Breastfeeding Mom with mastitis and being treated with Levaquin
Mom was treated for mastitis by her OB/Gyn and prescribed Levaquin. Mom was told to stop breastfeeding and to begin giving baby formula. Is it absolutely necessary to stop breastfeeding while taking Levaquin?
Michele E. Hickman RN, CPNP
This is what we know about Levofloxacin. It's not ideal, but I doubt it is really hazardous to a breastfed infant.
I would have preferred Clindamycin, but they may have cultures to suggest Levo is best. I'd defer to the physician in this case.
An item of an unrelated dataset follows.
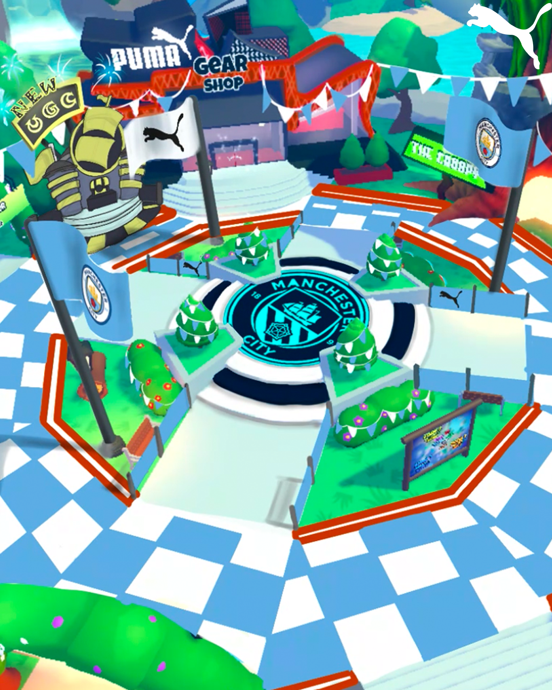 Dans l’expérience PUMA et le Land of Games, les utilisateurs Roblox peuvent découvrir et revêtir le maillot Third (et le domicile) du club de Premier League. D’autres goodies Manchester City seront également proposés dans l’univers virtuel.

In one case report of a mother receiving 500 mg/day, the 24 hour average milk level was reported to be approximately 5 µg/mL. A peak level of 8.2 µg/mL was reported, and occurred at 5 hours after the dose. The half-life of levofloxacin in milk was estimated to be 7 hours, which would result in undetectable amounts in milk after 48 hours. The authors report the absolute infant dose would be 1.23 mg/kg/day, although this was calculated from the highest milk level of 8 samples. While the peak levels were reported to be 8.2 µg/mL, the average milk level reported was 5 µg/mL. Using this data, the relative infant dose would range from 10.5% to 17%. However, the time-to-peak interval reported in this case was 5 hours, rather than 1-1.8 hours reported following both oral and IV doses in the prescribing information. Of the 10 reported levels in this study, only 1 was above 5 µg/mL. Thus the reported average level of 5 µg/mL is probably consistent with other data. This suggests a Milk/Plasma ratio of approximately 0.95 which is probably correct. Thus, levofloxacin concentrations in milk peak around 1-1.8 hours and at levels close to plasma levels. Observe the infant for changes in gut flora, candida overgrowth, or diarrhea.